Chris Hadfield experiments with water drops in microgravity

Chris Hadfield experiments with water drops in microgravity NASA/CSA

Space Is Now a Reality TV Show

Chris Hadfield's return from the International Space Station marks a new era for the final frontier.

"Why are people so fascinated with @Cmdr_Hadfield?" the tweeter asked. "Can someone enlighten me?"

The answers were swift and sharp and unsurprising. "Dude, he's a frigging astronaut!" one replied. "Um, he's an astronaut?" another offered. "What else do you need?" Someone else explained things with a little more detail: "He's inspiring a generation of kids (my kids!) to grow up to be scientists & astronauts and not the Kardashians."

Chris Hadfield -- nom de tweet: @cmdr_hadfield -- has been doing more than inspiring people, though. He has also been entertaining them. And delighting them. He has chatted with Captain Kirk. He has covered Bowie. He has written his own music, and performed it. He has publicly celebrated Valentine's Day, and Easter, and St. Patrick's Day, and April Fool's. He has done a mind-boggling number of live chats and Q&As and video explainers. He has led Canada in a national sing-along. And all of these things have shared a remarkable predicate: They have been done, you know, from space. Hadfield has kept a running dialogue with Earth, documenting not just the numinous -- those amazing views! -- but also the mundane: the food. The fun. The exercise. The sleep. The tears. The bathroom situation.

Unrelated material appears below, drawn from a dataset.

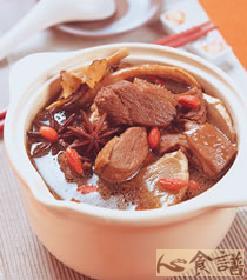 3.将作法1的鸭肉块放入作法2的药汤中,开小火煮约1小时后熄火,最后再放入鸡精粉调味即可。

Over the course of 144 days spent on the International Space Station (encompassing 2,336 orbits of the Earth and covering nearly 62 million miles), Hadfield didn't merely do his day job -- conducting more than 130 scientific experimentsabout the effects of microgravity on masses of various types. He also helped to change our concept of what it means to be an astronaut in the first place. He is a space explorer in the Gagarin/Glenn/Armstrong model, but he is something else, too: just a guy. A guy who happens to be in space. Hadfield, availing himself of new technologies that are just beginning to be widely adopted, made space travel seem accessible. He made it seem normal (or, in astronaut-speak, "nominal"). He took it out of the realm of the awe-inspiring and placed it squarely in the realm of the awesome.